→ GOAL OF THE EXERCISE
What needs reproducing is the run of lines in the data below starting at the line with "救急訓練を受講された一般の普及員の方をお招きし, 心肺蘇生法講和, 実技指導をしていただきました。" and ending at the line with "Italian Neoclassic style", both ends included. Copy it exactly, without pictures, and add nothing.

→ PROVIDED RECORDS
========================

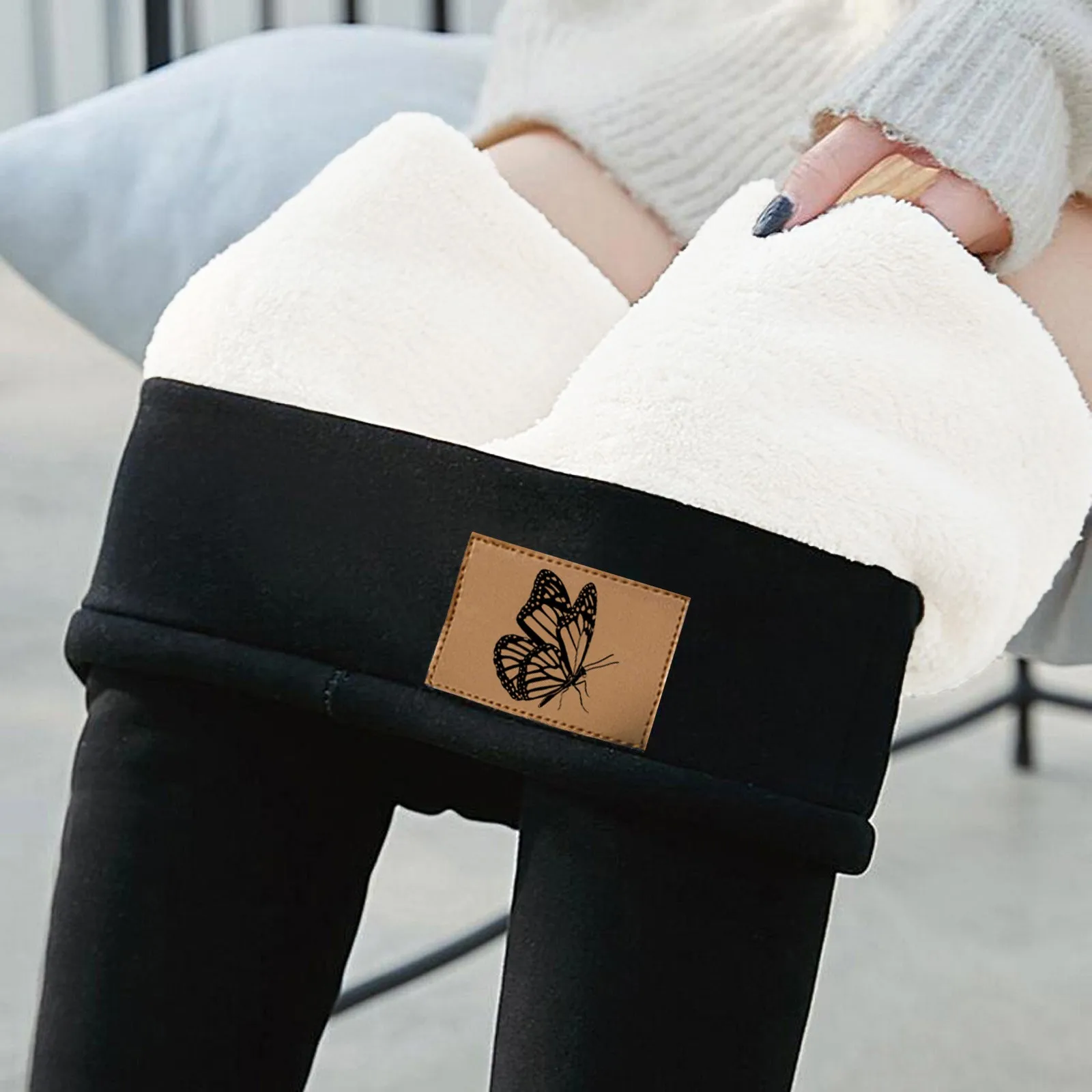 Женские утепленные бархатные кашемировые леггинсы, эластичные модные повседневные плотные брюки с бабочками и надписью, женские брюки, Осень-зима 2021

========================

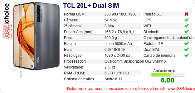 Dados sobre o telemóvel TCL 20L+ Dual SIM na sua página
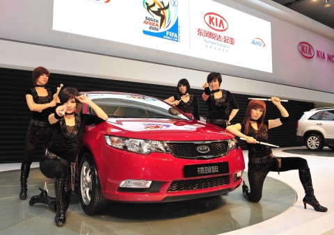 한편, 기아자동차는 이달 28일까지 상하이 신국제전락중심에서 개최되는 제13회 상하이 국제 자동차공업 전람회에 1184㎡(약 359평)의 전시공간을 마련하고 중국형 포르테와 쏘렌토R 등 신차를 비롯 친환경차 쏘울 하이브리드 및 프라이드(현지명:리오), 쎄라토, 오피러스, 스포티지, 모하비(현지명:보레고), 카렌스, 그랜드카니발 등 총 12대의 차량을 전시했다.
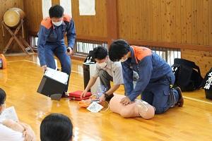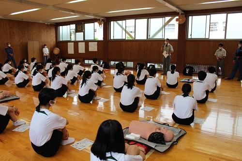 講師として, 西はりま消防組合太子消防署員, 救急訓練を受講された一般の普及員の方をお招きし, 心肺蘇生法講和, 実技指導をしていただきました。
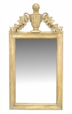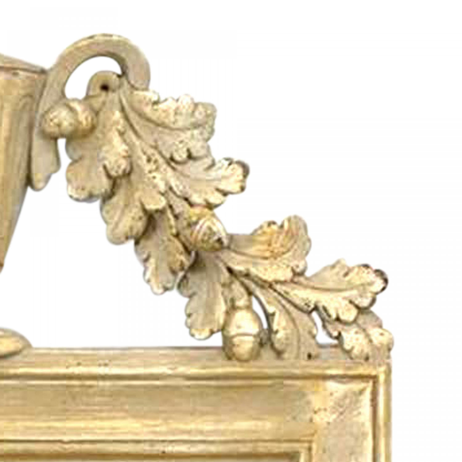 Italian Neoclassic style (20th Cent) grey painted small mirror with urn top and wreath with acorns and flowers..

========================

→ EXERCISE RESULT
 講師として, 西はりま消防組合太子消防署員, 救急訓練を受講された一般の普及員の方をお招きし, 心肺蘇生法講和, 実技指導をしていただきました。
 Italian Neoclassic style (20th Cent) grey painted small mirror with urn top and wreath with acorns and flowers..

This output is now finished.